Hugh Darrah 

John Darrah obituary

Other lives: Expert theorist on the relationship between paganism and Arthurian legends
  
  

John Darrah
John Darrah was a theorist on the relationship between paganism and Arthurian legends Photograph: None

My father, John Darrah, who has died aged 98, worked for the family plumber’s merchants until it was taken over in the early 1970s, after which he took the opportunity to follow his longstanding interest in British prehistory.

His central idea was that Britain’s legends and folktales are based on real people and events, and his theories were published in two books, The Real Camelot: Paganism and the Arthurian Romances (1981) and Paganism in Arthurian Romance (1994).

John was born in Stockport, the oldest son of Herbert Darrah, who ran the family firm, and his wife, Daisy (nee Black). He went to Wrekin college in Shropshire and then to Peterhouse, Cambridge.

There, on a summer’s day, John went to a market to buy some strawberries. When he returned to his room he threw open the window to let in some air. A young woman whom he vaguely knew, Elizabeth Smith, was cycling past and looked up to see what was happening. John invited her in to share his strawberries; they were married in 1948.

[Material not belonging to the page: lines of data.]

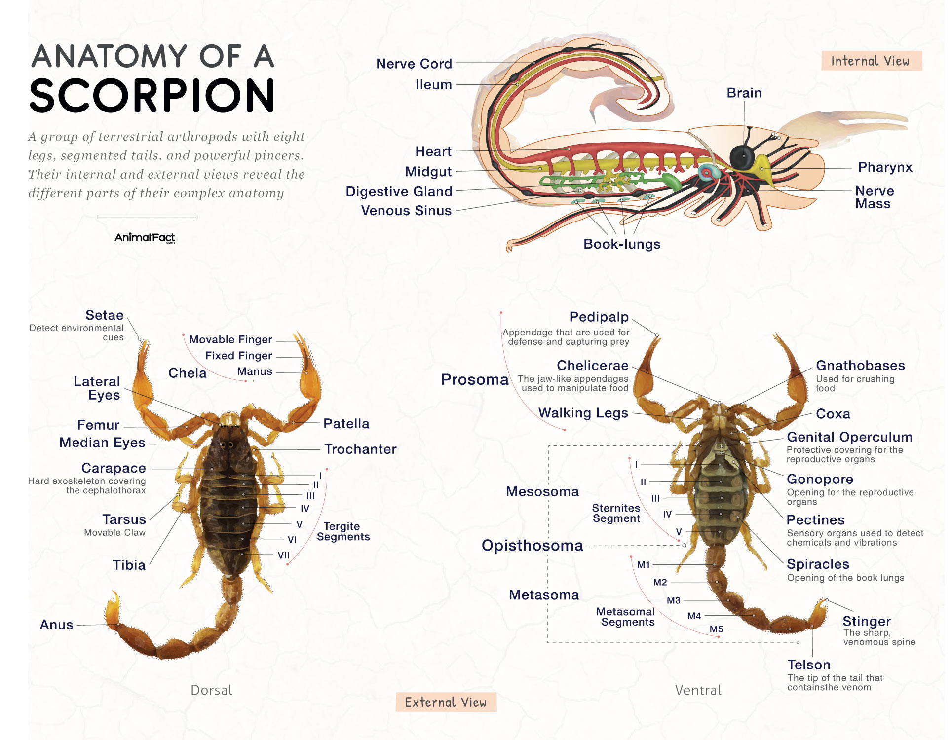 Unlike many other arachnids, scorpions exhibit viviparity, giving birth to live young instead of laying eggs. Before giving birth, the female elevates her body and joins the pedipalps and front legs to create a ‘birth basket’ to catch the emerging offspring.
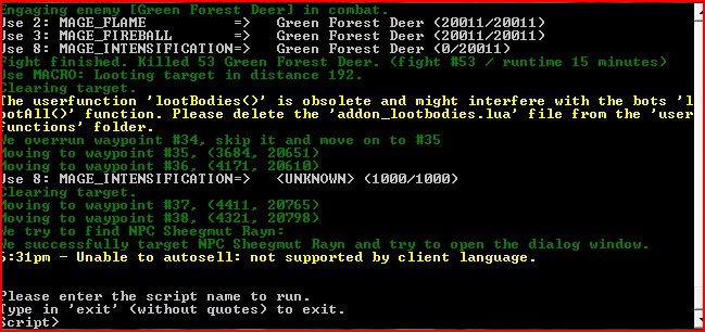 rev. 595 worked fine, but I got a problem that I am trying to resolve now, i am tring the bot with one wayfile for famring dailies and auto selling to NPC, it was woking fine with old bot (606 revised with address file in the this section), now the pot does not reconginze the NPC thus auto sell fails and bot stops. the proplem it does open the window and fix, but when the items are many and reach bag 5 and 6 which is et for auto sell, here where the language error creaps in
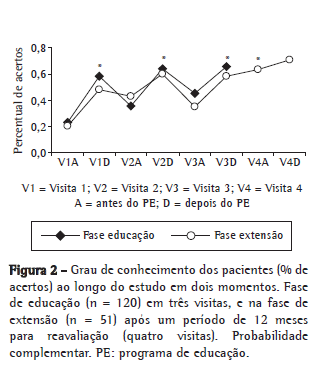A Figura 2 também mostra o resultado do questionário de conhecimento de 51 pacientes que foram reavaliados na fase extensão (V4). Os resultados mostram que a aquisição de conhecimento, em cada visita neste grupo, foi semelhante nos 120 pacientes, confirmando não haver diferença entre os grupos para as variáveis do estudo. Assim, ao analisar a porcentagem de acertos entre V1 e V4, encontrou-se um aumento significante de 0,48 para 0,63 (p < 0,001), indicando que os pacientes mantêm o conhecimento adquirido após um período de 12 meses, e que todo o grupo se comporta da mesma maneira a longo prazo.
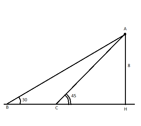 Дано: AH = 8 см; ∠B = 30°; ∠C = 45°
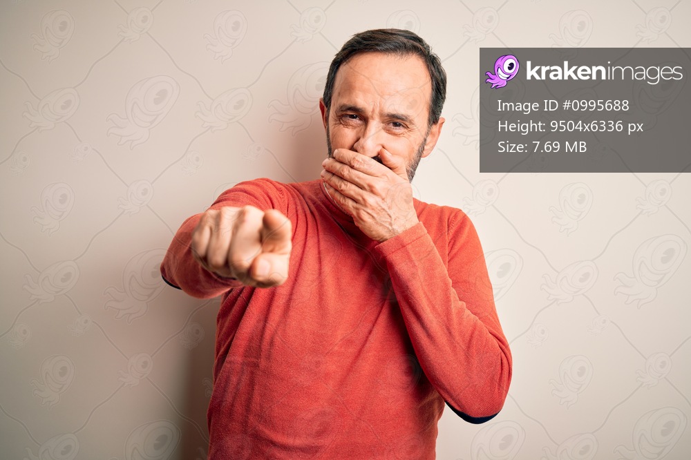 Middle age hoary man wearing casual orange sweater standing over isolated white background laughing at you, pointing finger to the camera with hand over mouth, shame expression - Kraken Images
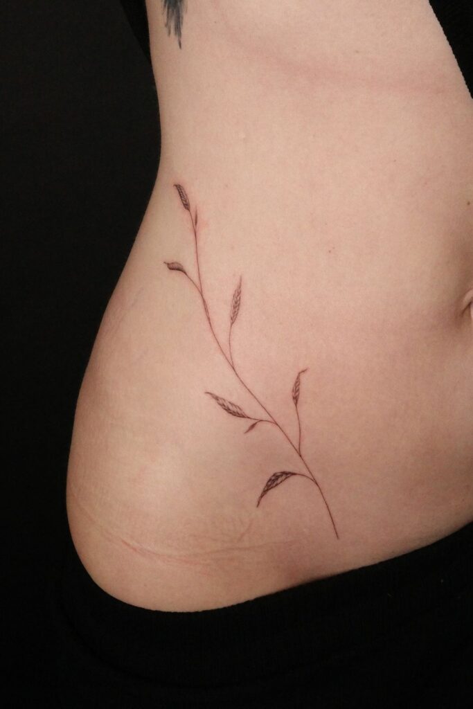 Wild Grace: Wheat-Inspired Minimalist Hip Tattoo
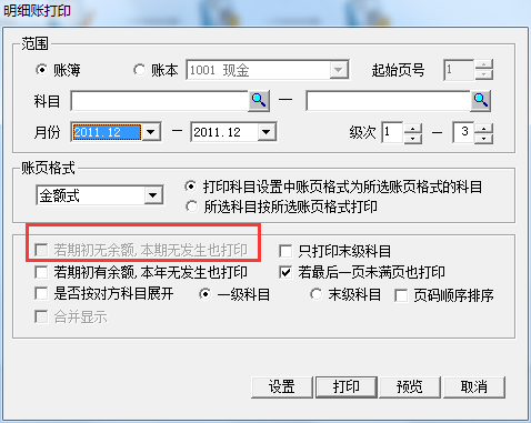 注意:點(diǎn)擊鍵盤前要先點(diǎn)擊下反結(jié)賬的月份,否則有可能沒有反映。 反記賬操作同理 2、打印明細(xì)賬“若期初無余額,本期無發(fā)生也打印”置灰 【問題現(xiàn)象】打印明細(xì)賬時(shí)“若期初無余額,本期無發(fā)生也打印”置灰,不能選擇? 【原因分析】打印明細(xì)賬時(shí)“若期初無余額,本期無發(fā)生也打印”置灰,不能選擇,如下圖:
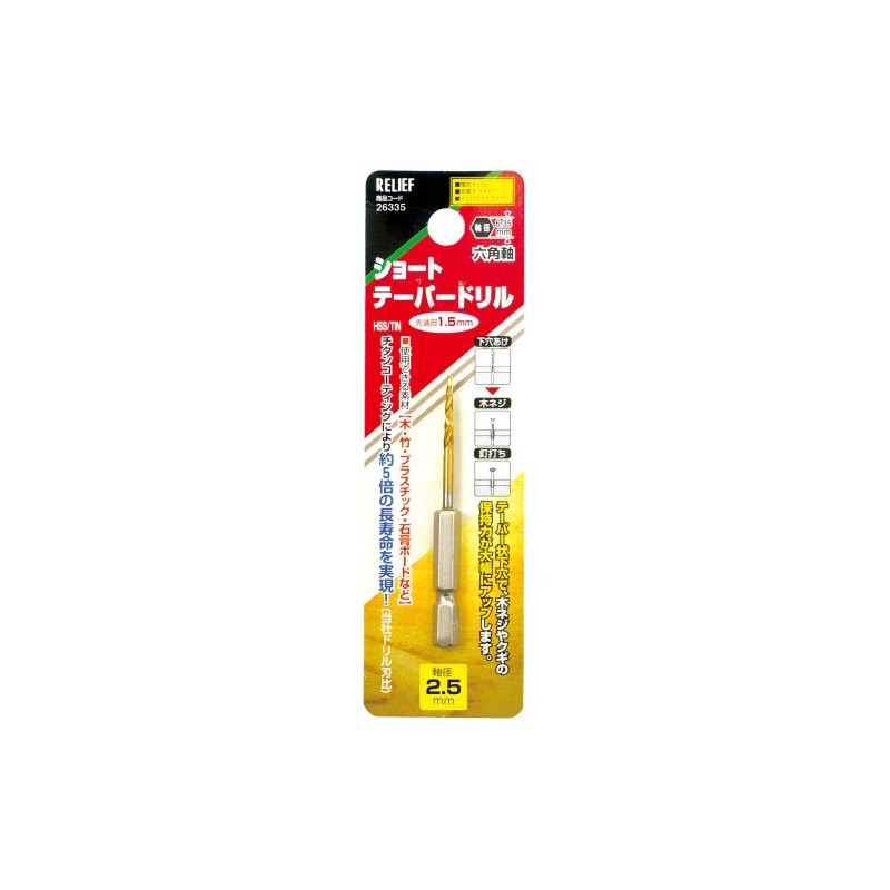 Ichinen Access (Formerly Ichinen Mitsutomo) RELIEF Woodworking Drill, Hexagonal Shaft, Short Tapered Drill, 0.1 inch (2.5 mm), 26335 HSS+ Titanium Coating
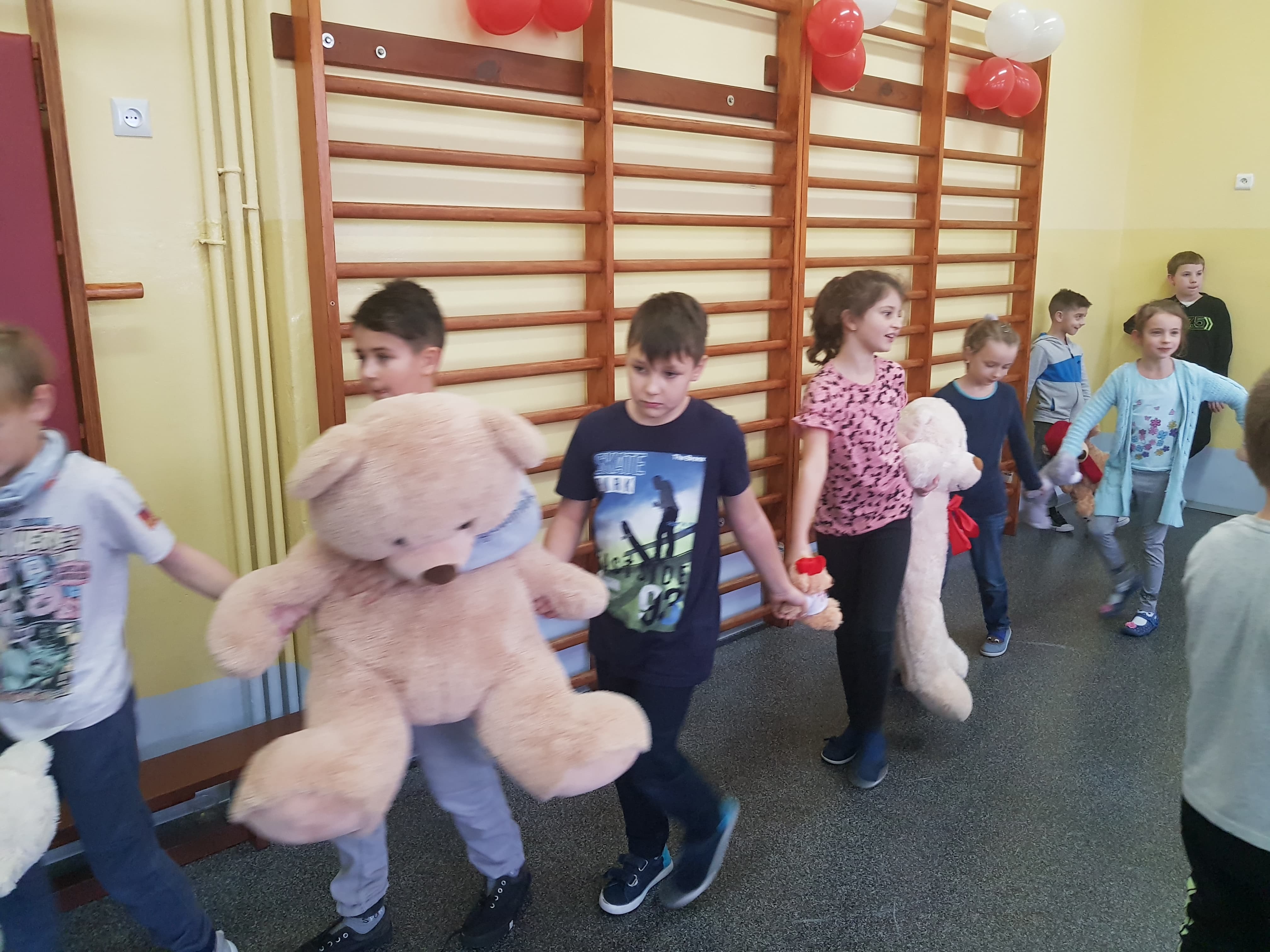 23 listopada w naszej szkole odbył się Dzień Pluszowego Misia. W tym dniu misie opuściły zaciszne pokoiki i przyjechały z dziećmi do szkoły. Głównum punktem tego dnia było spotkanie uczniów z przedszkolakami na sali gimnastycznej. Tam odbyły się tańce z misiami, zbawy oraz prezentacja misiów.
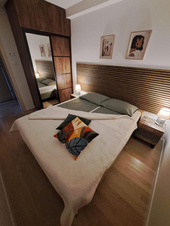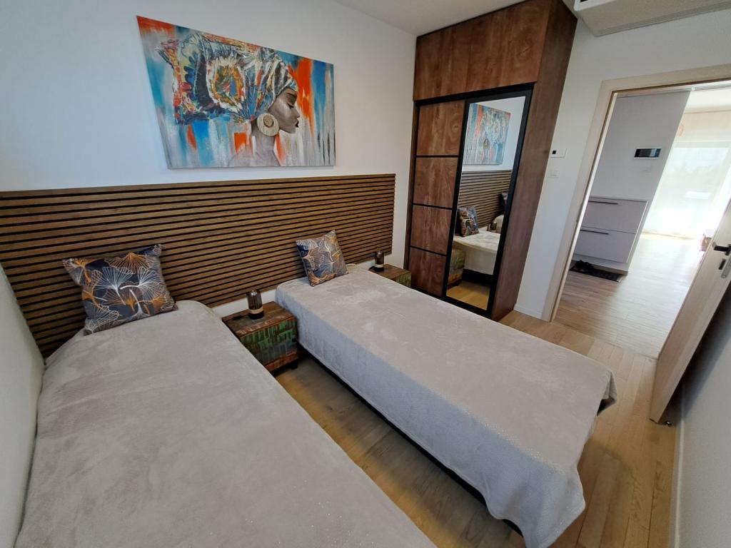 Udstyr: - køling og opvarmning i hvert værelse - varmepumpe, gulvvarme på badeværelset - WiFi - TV - vaskemaskine-tørretumbler - opvaskemaskine - ovn med mikroovn - induktionskomfur - køleskab - tallerkener, køkkenredskaber, bestik - elkedel - kaffemaskine ( kapsler) - viskestykker - sengelinned - håndklæder - jacuzzi håndklæder - hårtørrer - pengeskab - havemøbelsæt - udendørs bruser - tørretumbler og tøjklemmer - grundlæggende rengøringsmidler Lejligheden har ikke en grill. Fremragende grillretter kan købes på nærliggende restauranter. AFSTAND: 600m - Višnjik Sports- og Fritidscenter (indendørs svømmebassiner, tennis- og paddlebaner, fodbold, basketball, bordtennis, løbebaner, udendørs fitnessrum, legepladser, trampolinpark, minigolf, hoppeslot, rulleskøjtebane/skøjtebane i vinter) /) 1,8 km - gamle bydel - Poluotok 2 km - Kolovare strand 1,6 km - hovedbusstation 10 km - Zemunik lufthavn

They had three children, Richard, Peter and me. My father took us on adventurous holidays, getting the car freighted to a Spanish port before we spent several weeks driving back to Britain. The family lived in a previously derelict, moated Cheshire farmhouse that John had refurbished. At the time everyone thought he had lost his grip to want to live in such a dilapidated old building, but he made it into a splendid home.

In 1946 he had begun to work for the family firm, Baxendales, and he took on a directorship before the business was sold in 1970. Over the next three years he turned his attention to historical studies – and continued that work even after becoming a VAT inspector in London in 1973.

Elizabeth died of cancer at the age of 59 in 1981, and John retired six years later.

Later, as old age took its toll, he remained living independently – for a time in the family home with his granddaughter Kim and a young crowd of lodgers, who, when they returned after a night of clubbing, would find him still pottering around and happy to share a last drink with them and to exchange stories of nightlife past and present.

John is survived by Peter and me, and by four grandchildren, Rowan, Robin, Laura and Kim. Richard died in 2017.